[comp.bugs.4bsd] longjmp botches in sendmail on 4.3+NFS

whm@megaron.UUCP (12/12/86)

I had occasionally noticed a core file in sendmail's queue directory, but
had never thought much of it; I'd just remove it.  I then got to wondering
about how often sendmail core dumped and found that it happens more than
one might think (hope?).  In particular, submissions to a large mailing
list here (~100 non-local addresses) often produce several such core dumps.

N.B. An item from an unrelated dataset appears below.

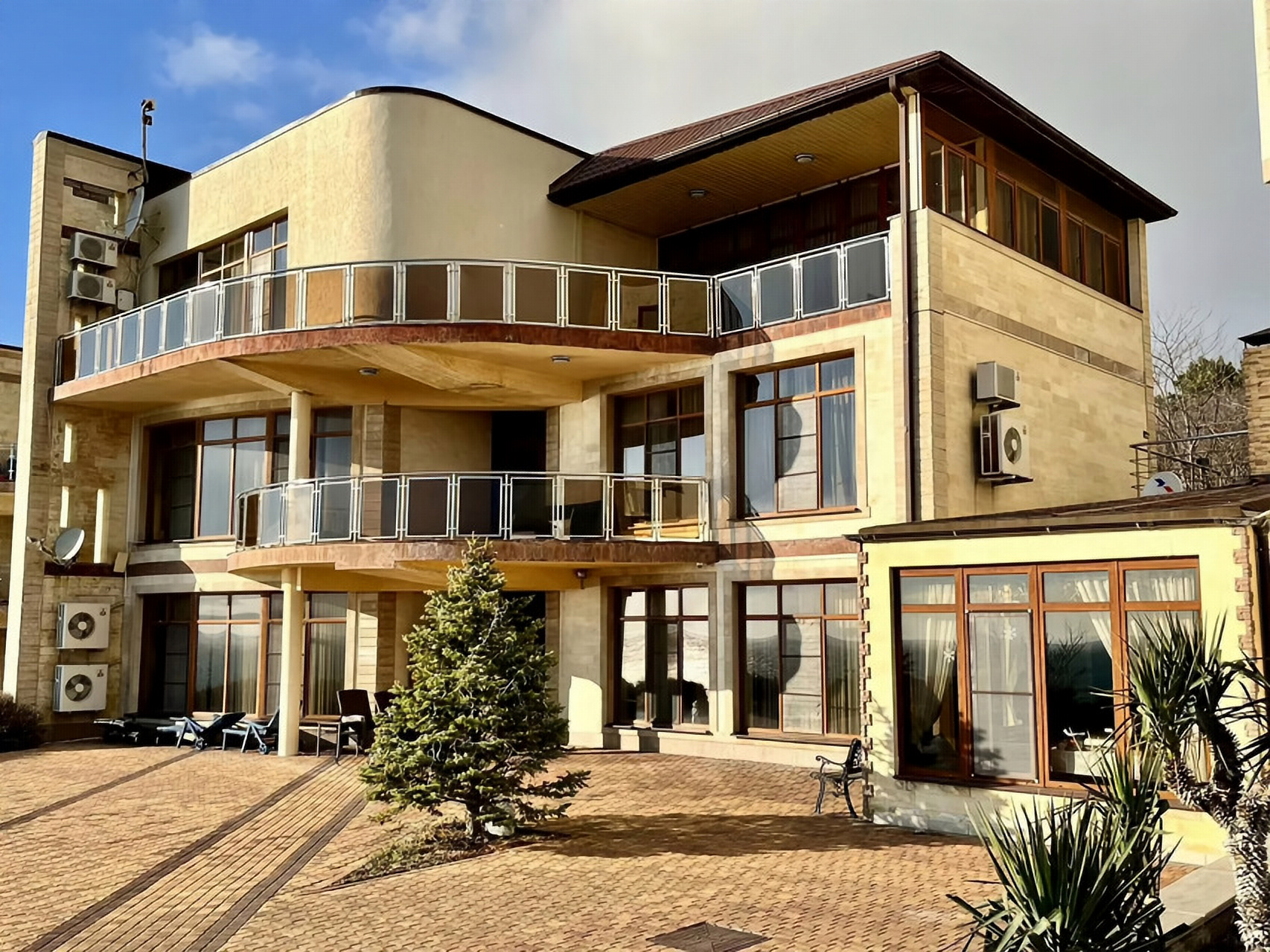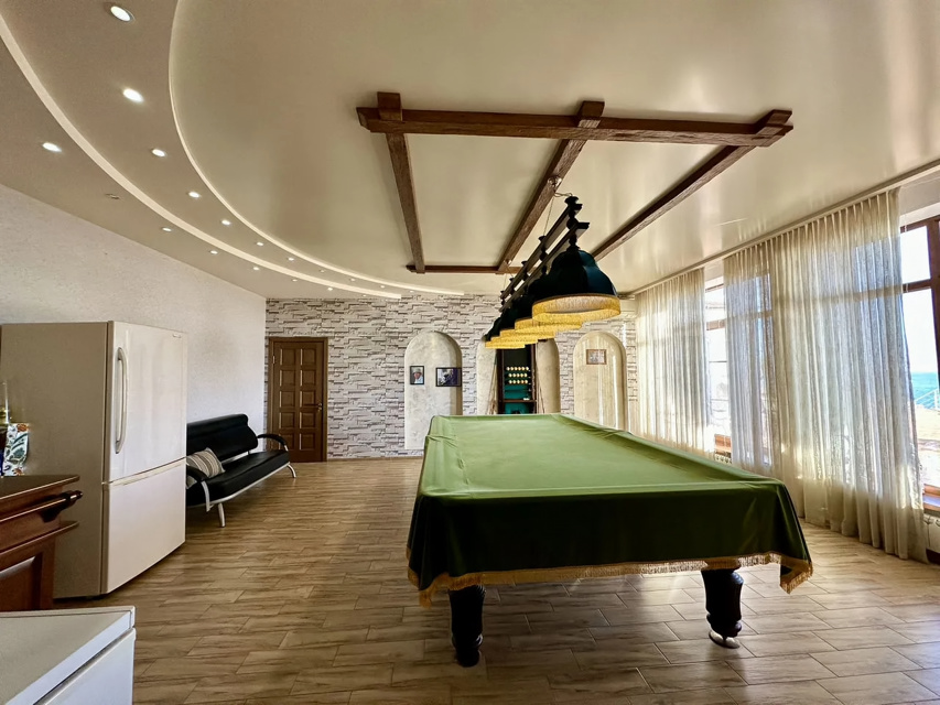 Характеристика: Вилла площадью 513,1 м² включает три просторные спальни и пять санузлов. Просторные комнаты с большими окнами наполняют дом светом и создают атмосферу уюта. Итальянский дизайн и качественная мебель делают интерьер стильным и комфортным. На участке площадью 6 соток расположены бассейн длиной 25 метров с функцией противотока, банкетный зал и эллинг, а также собственный выход к морю.

Examination of the dumps usually reveals that sendmail got a longjmp botch.
According to my count, there are four longjmps in sendmail.  Two of them
are longjmp(TopFrame) and these are only done if QuickAbort is != 0.  The
core files show that QuickAbort is 0, so that seems to eliminate those
two longjmps as candidates for the botches in question.

The third longjmp is invoked from the smtpinit routine -- if the SMTP greeting
isn't seen within five minutes of getting a connection, an event goes off and
the longjmp is performed.

The fourth longjmp is called due to read timeout in sfgets -- the fgets-like
routine that takes steps to not get hung.  In most of the core files,
SmtpState is SMTP_OPEN, which implies that the longjmp that's blowing
up is the fourth one, in sfgets.  Popular values for SmtpPhase are
"user open", "greeting wait", and "DATA wait".

The sites involved on the far end are typically Arpanet hosts that we
exchange mail with on a regular basis.

I'm fuzzy on this, but I think the usual reason for a botch in longjmp is
that the routine that did the associated setjmp has already returned.  In
both the two likely longjmps mentioned, it seems unlikely that either
routine with the setjmp call could return before the longjmp is done.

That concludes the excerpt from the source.